While I’m not typically one to talk “politics” for Teal Town USA or in general, this is more than that. This is a reminder that there’s more to sports than just cheering on our favorite teams. We love watching our favorite players do what they love, and watching the talent level consistently rise in this league. But there comes a time when hard topics must be discussed, because quite honestly, if not now, then when?

Yes, I believe people deserve second chances, but only if they’ve shown they’re really willing to and going to change. The problem is first impressions are everything, and when a person has screwed up their reputations in someone’s eyes, generally that’s it for them. There’s a big trust factor here, and most people aren’t willing to change for anyone, despite what they say.

For example, if Logan Mailloux actually proves in the years to come that he’s changed from that incident, then maybe some fans will hesitantly come back around to him. If not, Montreal’s pick will look even worse, and possibly even tarnish their century-old legacy.
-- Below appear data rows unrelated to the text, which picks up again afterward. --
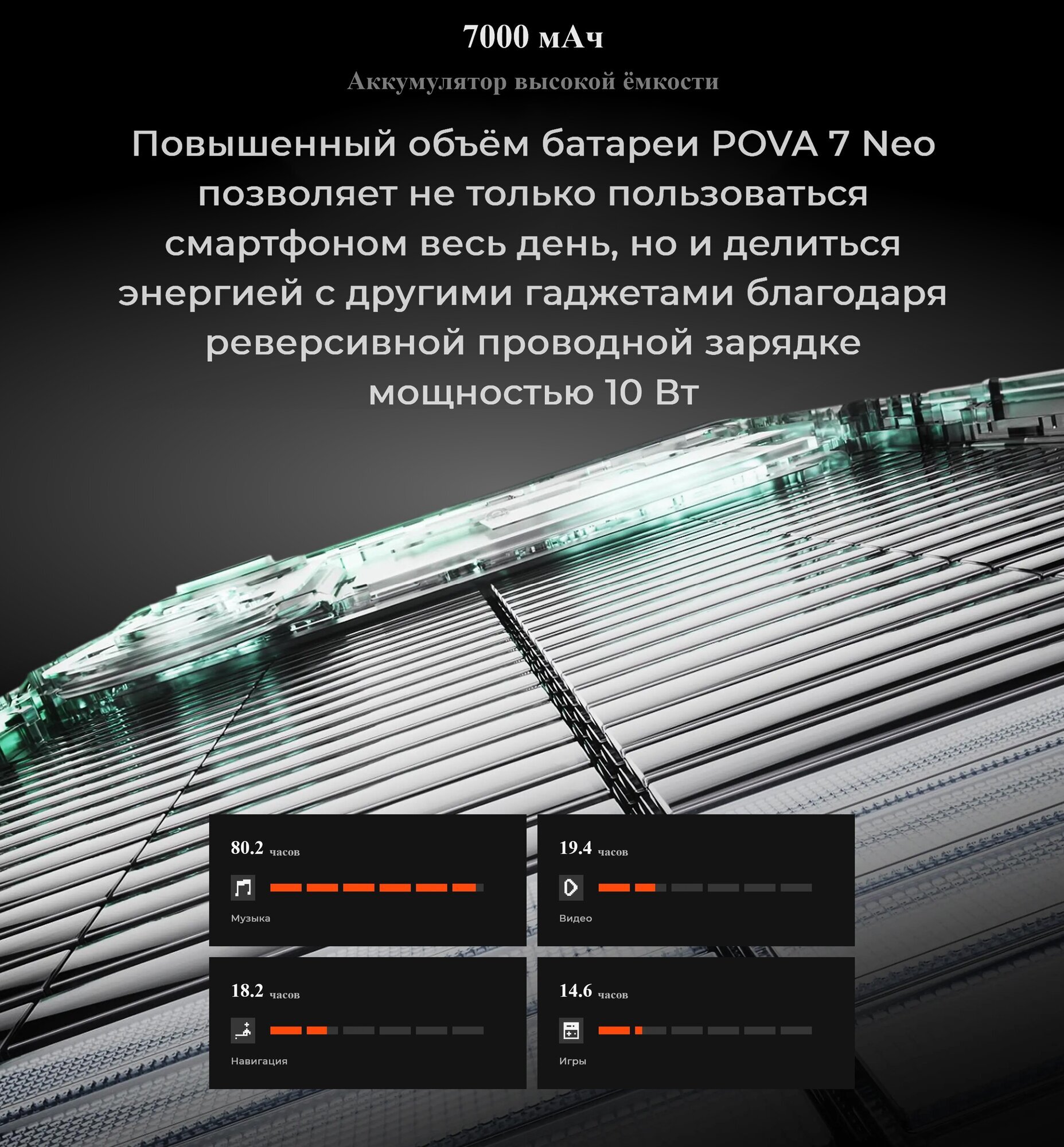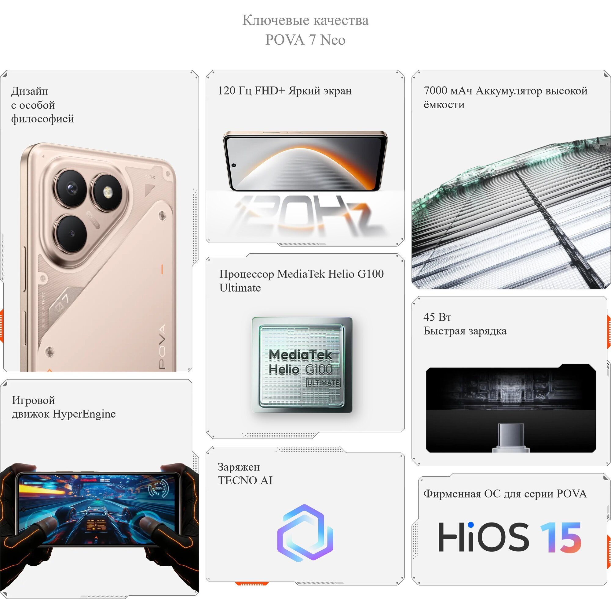 Смартфон TECNO POVA 7 Neo представляет собой сочетание функциональности и стиля. Он оснащен энергоэффективным аккумулятором на 7 000 мАч, что обеспечивает максимальную автономность и позволяет использовать его в течение всего дня.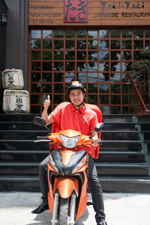 Nhân viên chuẩn bị đi giao sushi cho khách hàng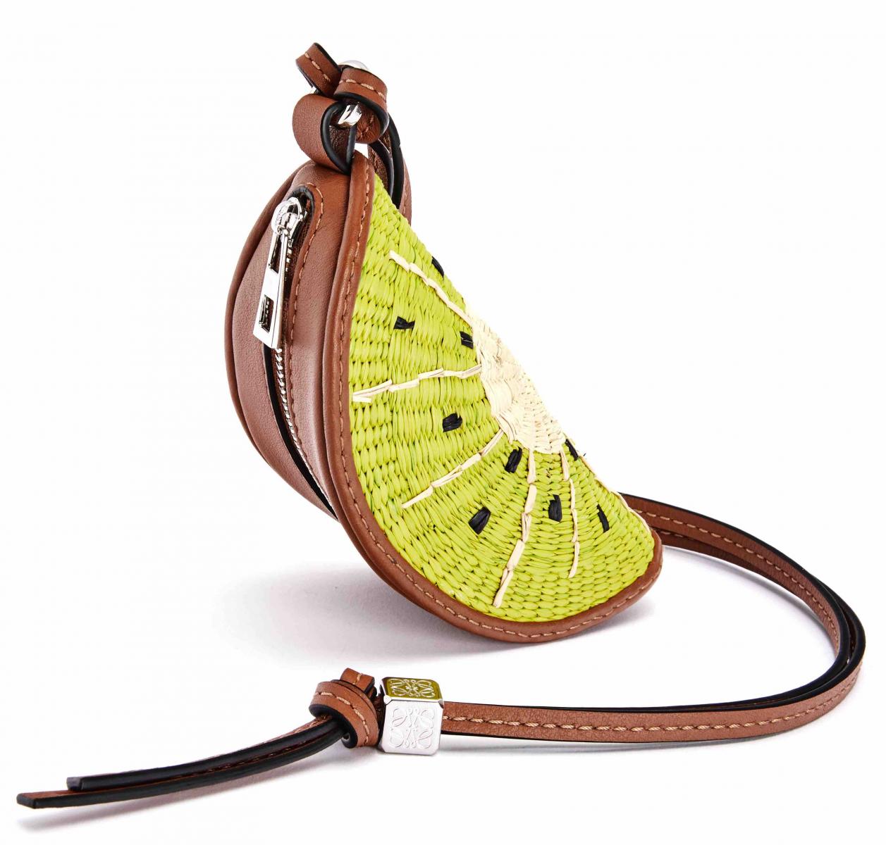 玩味奇異果造型零錢包,以編織伊拉卡棕櫚葉和小牛皮製成。採用在哥倫比亞種植、收成及曬乾的伊拉卡棕櫚葉,並由Corporación Oficio y Arte的女工匠進行編織,由於其手工製作的性質,每一款包的尺寸可能略有不同,讓你擁有史上最獨一無二的夢幻包款。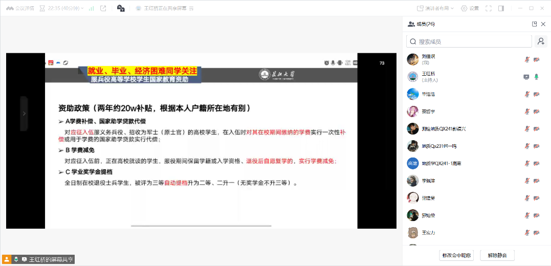 研究生安全工作会议由辅导员在线组织。辅导员介绍公司放假安排,强调落实近期公司的各项安全教育和管理工作要求。全体员工需填写假期去向表,通过线上或线下方式规范办理请销假,假期结束未返校应及时报备,假期出行期间要注意交通安全,防止溺水等。会上还通报了公司近期的安全情况,要求各班委继续落实每日定位打卡。随后辅导员介绍了国家高等公司员工服兵役政策和助学贷款政策,提醒同学们量入为出,谨防诈骗和网贷。辅导员还特别提醒班委关注班级同学的心理健康状况,发现有困难的员工要及时向公司寻求帮助。
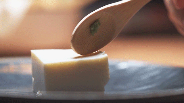 同样加了牛乳的豆腐,吃起来不仅有豆香,更有芝士的香味。冰冰甜甜的豆腐,沾上芥末,口感变得更丰富了。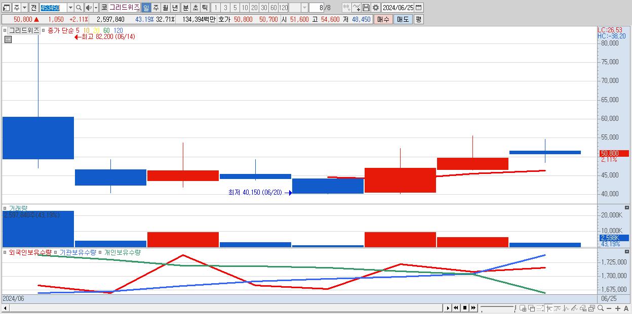 - 그리드위즈 (50,800원 ▲ 2.11% , 시총: 4,035억, 거래량: 2,597,840, 거래대금:1,344억)
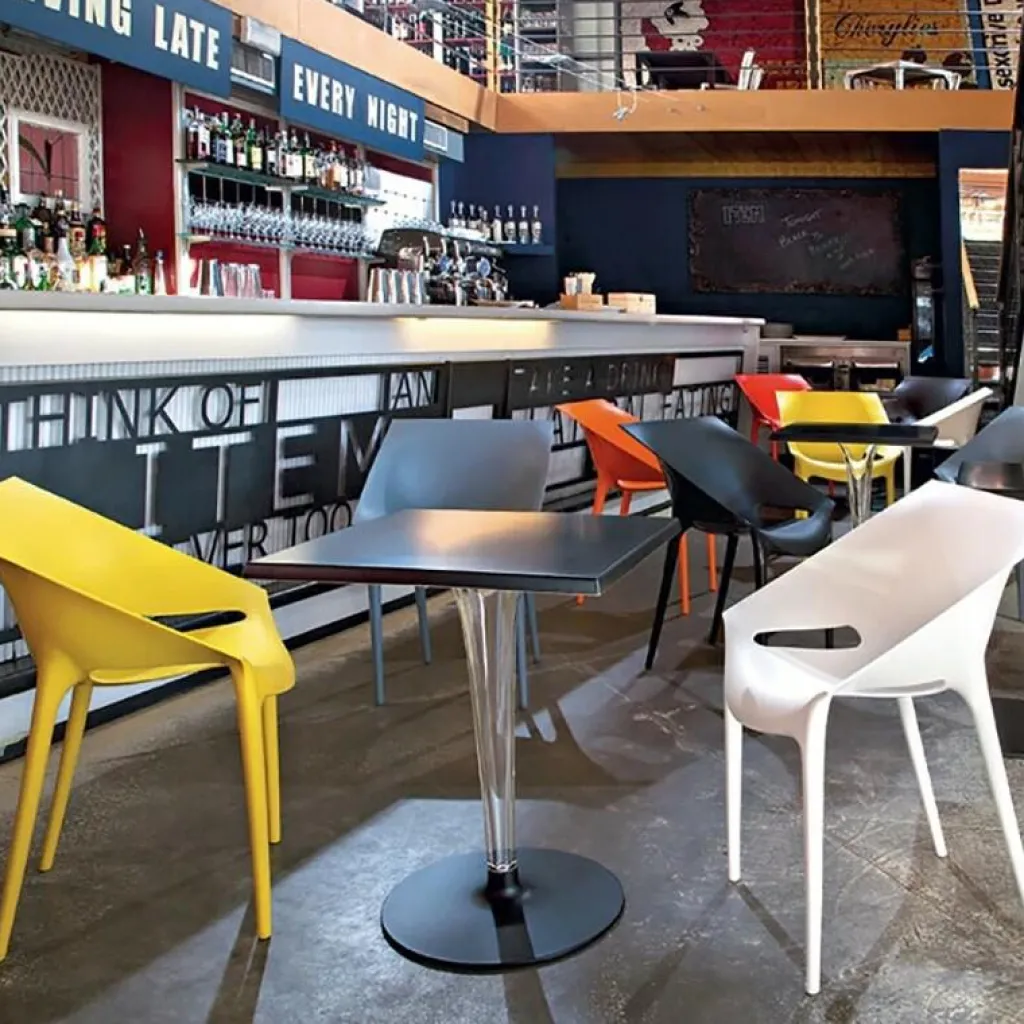 Der Top Top For Dr. Yes Gartentisch 60x60cm Gestell quadratischwurde von Philippe Starck und Eugeni Quitllet für Kartell entworfen. Aus einer Zufallsbekanntschaft im Jahr 2001 am Strand der kleinen Baleareninsel Formentera entwickelte sich in Folge eine erfolgreiche Zusammenarbeit zwischen dem französischen Altmeister Philippe Starck und dem jüngeren und talentierten Katalanen Eugeni Quittlet, die auch schon zuvor, jeder für sich, zahlreiche Auszeichnungen für ihre wegweisenden Arbeiten erhalten hatten.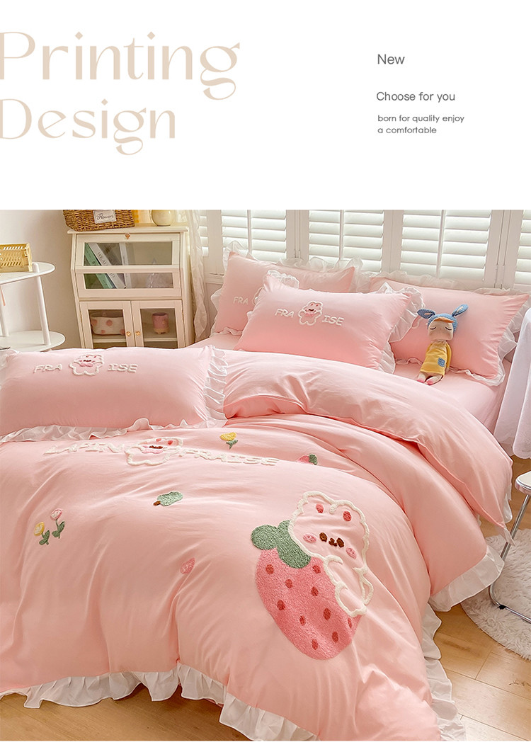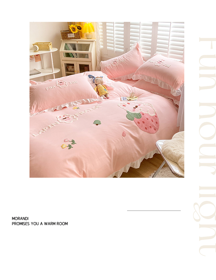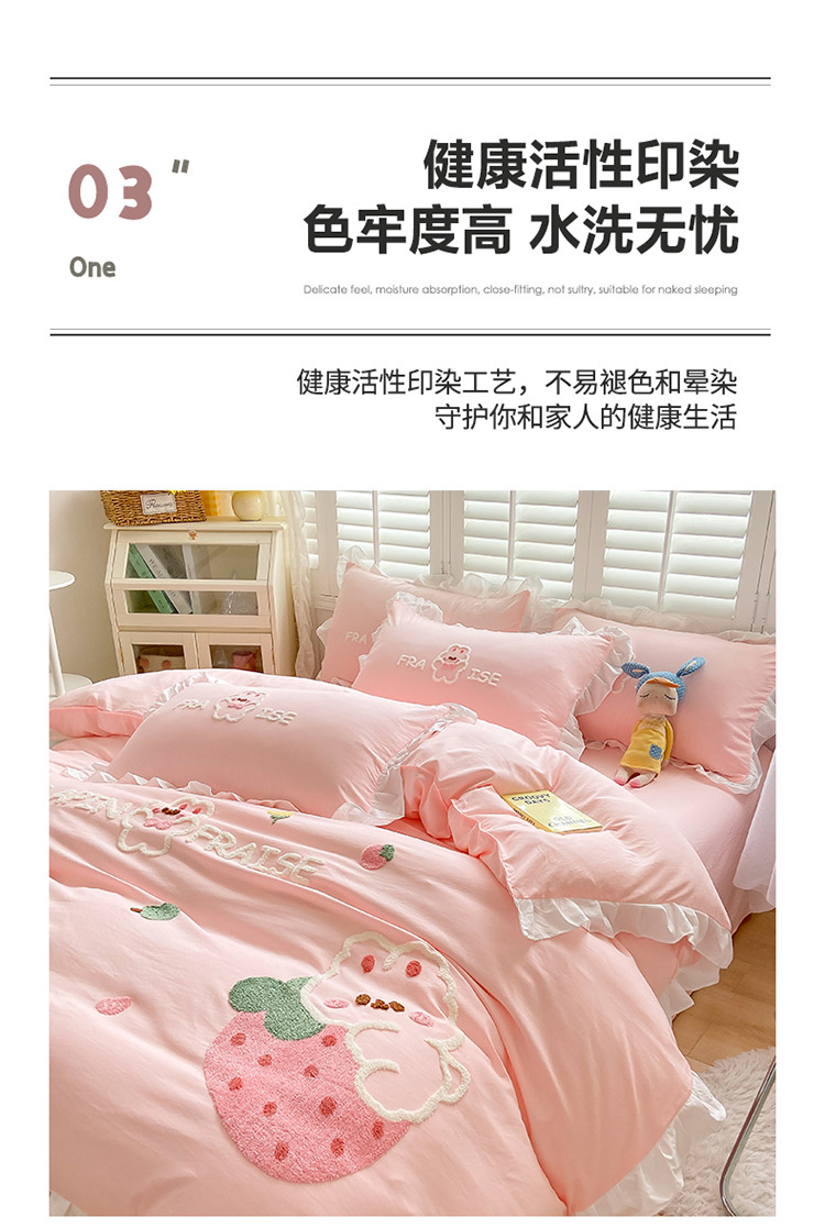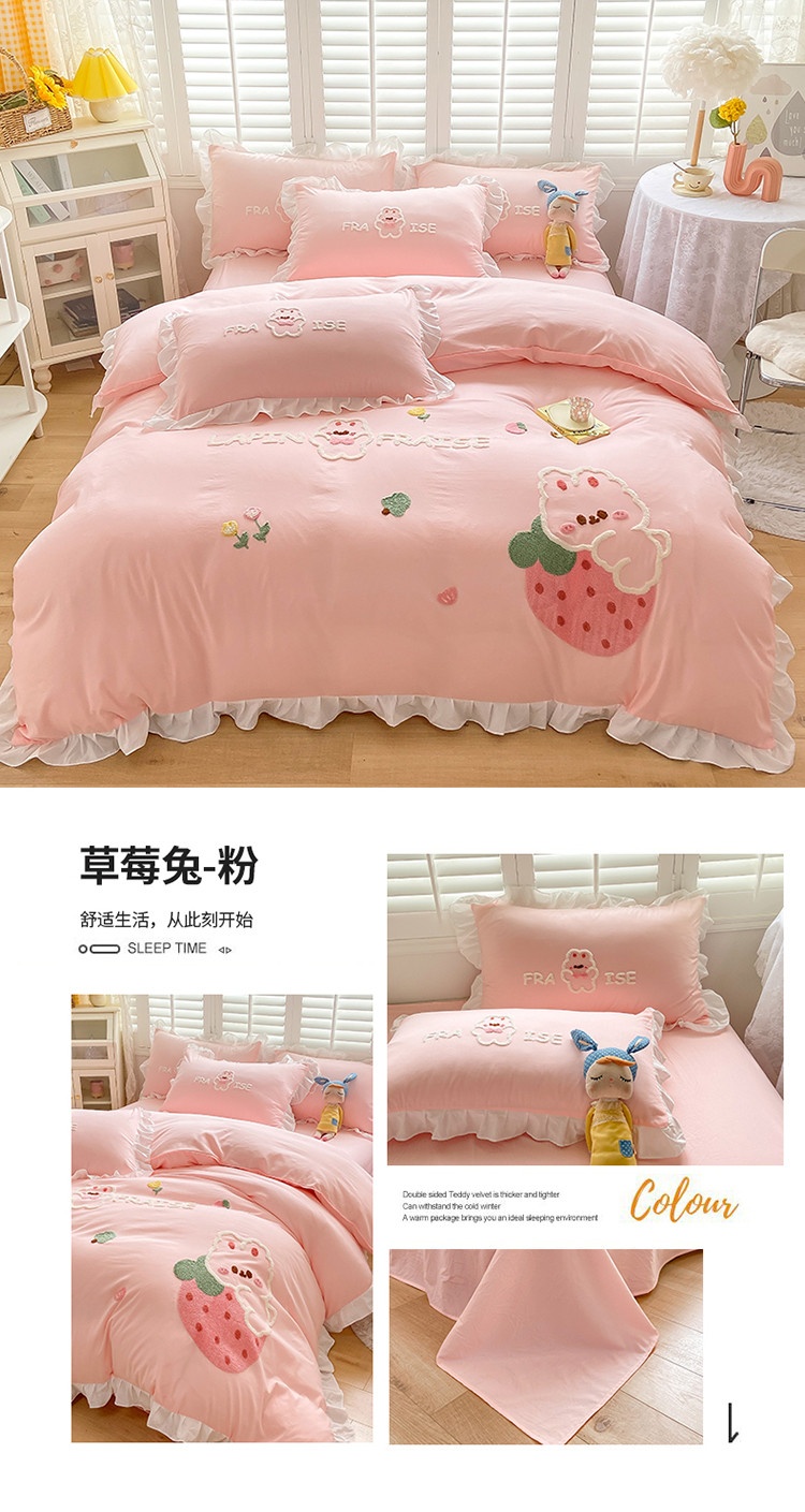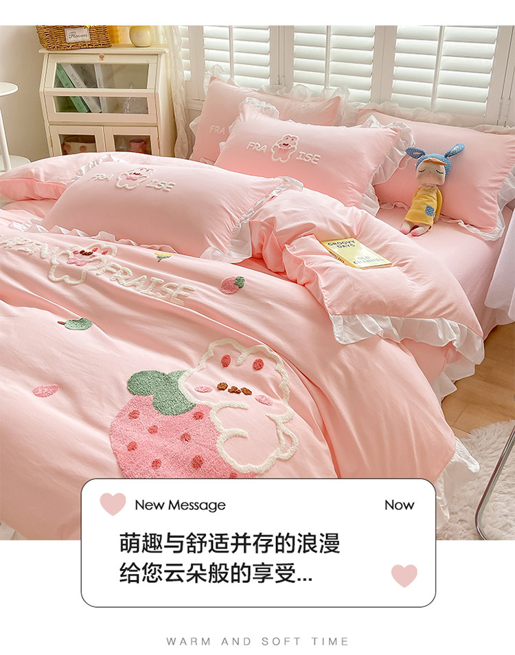 当前位置: 91家纺网 > 商品网购 > 床品套件 > 四件套 > 水洗棉四件套 > 易禾 2022新款水洗亲肤棉毛巾绣草莓兔四件套草莓兔-粉

These are the issues that the NHL and all the now-32 organizations need to take a hard look at and take very, very seriously. We’re at a time now where staff and personnel need to decide if they’re morally fit for the roles that they’re in, and for management around the league to look themselves in the mirror and think “am I fit for this job? Am I capable of really addressing any moral internal issues that this team might have, or is it best that I step down and hand the responsibilities to someone more capable?”

This is a wake-up call for the league in an era of wake-up calls, and if the league truly wants to see itself moving forward with society, change must happen now.